The Polish Energy Market is Moving Faster than the Government: Turning Green

From the Polish Institute for Renewable Energy:

Poland stresses the importance of the coal sector and at the same time fighting for "the rehabilitation of coal" in Europe and improve the operation of coal mining in Silesia. The role of coal in the economy is not so big. Revenues from the sale of coal in the national GDP is less than 1.4%, while that for the renewable energy market in 2013 exceeded 1.3% of GDP. Gramwzielone

Every year this trend will get stronger and it is occurring despite the Polish Government, not because of it. The underlying factors strongly favor the continuation of the increasingly role of green energy and the declining role of coal. Beyond the problems of Polish coal  (which are themselves impossible to underestimate), it is quicker to build green energy production than any conventional plant (except natural gas, which is largely moot now). The premium for green energy is less each year as the "cross over" point nears on many RES technologies. Finally a new emerging shift in mentality is occurring, more and more Polish individuals and companies operating in Poland are thinking about RES in a favorable light. This is despite a drumbeat of criticism from the ruling party (finding itself out of step and out of tune on this issue as it is on many others). 

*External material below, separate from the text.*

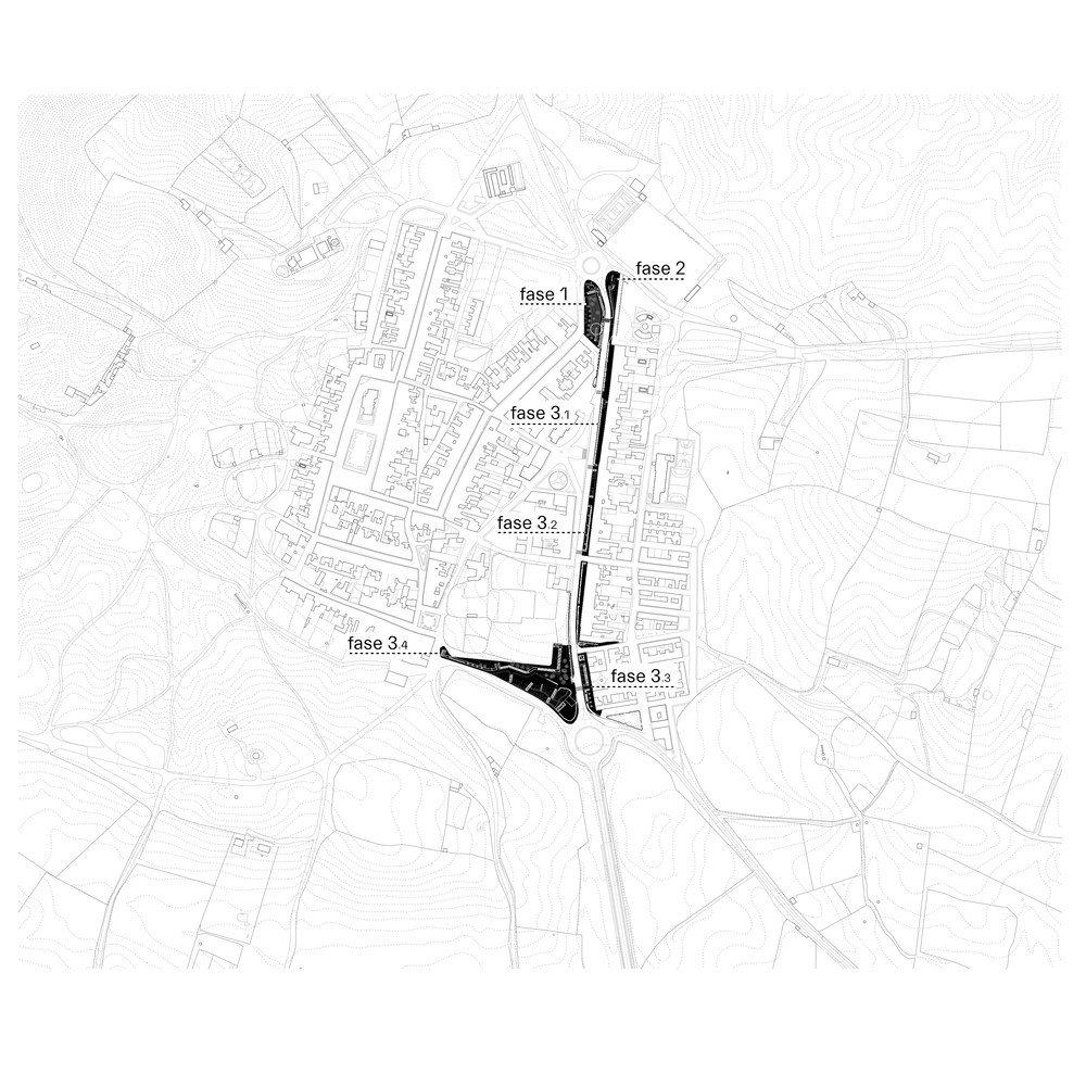 The intervention consists of creating a new border element for the square, connecting with the existing ones, and delimiting an open urban space integrated with the rest of San Silvestre.
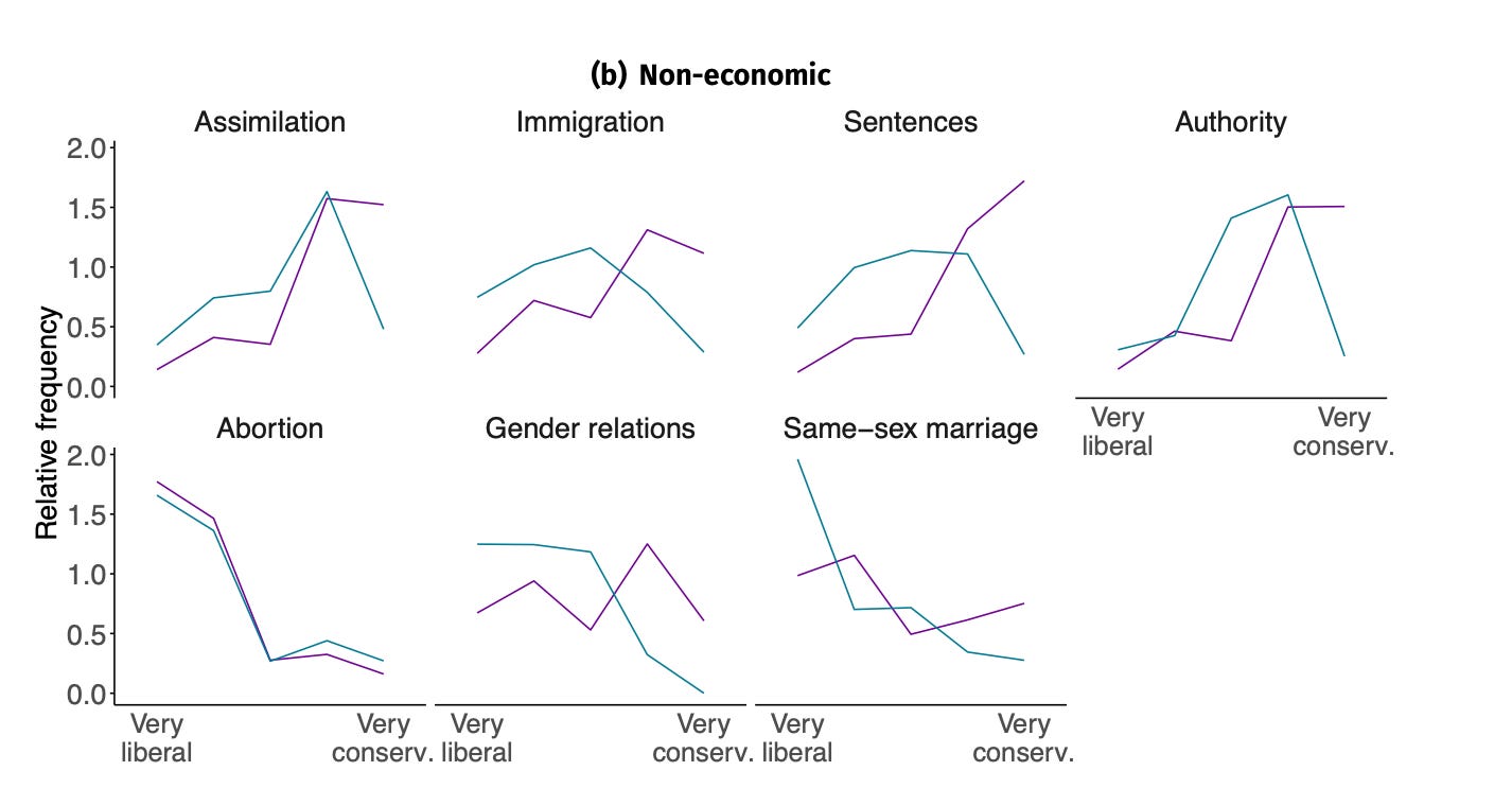 In proportional systems, that creates an easy space for new parties to fill. In the U.S., it created space for Donald Trump to remake the G.O.P. I don’t think “the center-left should become more right-wing on crime and immigration” is the only possible conclusion to draw from this data, but I think that everyone ought to take the data seriously and consider the tradeoffs involved in their own choices.

Coal remains a labor intensive sector with huge political connections (beyond the unions is the large number of state-appointed "executives" that get big salaries in black energy companies owned by the government). Of course, the more the state is involving in ownership of enterprises, the more chances there are for kick-backs and corruption as well. Besides coal production, there is the huge number of jobs and GDP contribution of Polish coal-fired power plants. Yet this elaborate house of cards is coming apart from the bottom up. The political party allegedly pro-free market is finding that the free market has a mind of its own and does not play favorites. 

As Pogo famously say in the American cartoon strip, "We have met the enemy, and he is us." Traditional Polish politicians seem destined to learn this the hard way.